Tuesday, December 08, 2015

Review: Innocence Lost

Innocence Lost - A Childhood Stolen

About the Book:
On July 14th, 1942, me, my mother, father, precious little brother, Chaim Kabliski, Aunt Ania, Uncle Addam and my cousins, Adiya and Aaron, were all forcibly evicted from their beautiful apartment in Warsaw by heartless, well-armed German soldiers with snarling dogs and crammed into a cattle wagon along with eighty other suffering souls. 

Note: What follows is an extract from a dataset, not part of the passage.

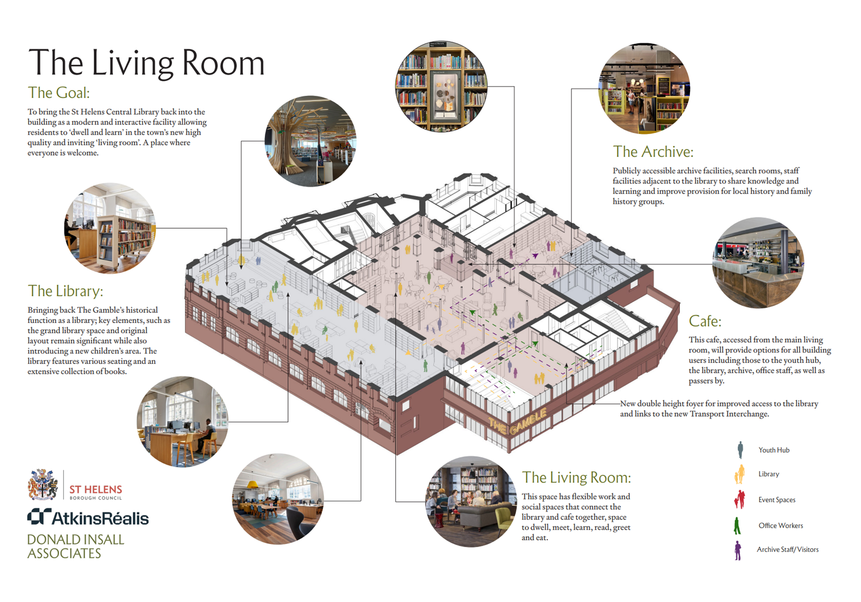 We will bring the St Helens Central Library back into the building as a modern and interactive facility allowing residents to 'dwell and learn' in the town's new high quality and inviting 'living room' - a place where everyone is welcome.

When we arrived at a camp called Auschwitz/Birkenau, they were all murdered in gas chambers, burned in ovens like trash and their ashes unceremoniously spread like fertilizer on a nearby field. Only through a miracle did I survive. I want you to hear my story so the world will never forget. Those horrible people may have stolen my childhood, but they can’t steal my memories. So, let me begin.

My Comments:
I found this story hard to believe.  The introductory material says the author talked to an Auschwitz survivor and based this novel on her story, so I don't know how much is true and how much is not. Basically the little girl in the story was pulled out of the line to the gas chamber by an SS doctor who had recently lost a daughter her age.  He took her into his home, and when the camp was abandoned, he took her with him when he fled.  Eventually he ends  up as a Catholic priest.  She marries and moves to Israel.  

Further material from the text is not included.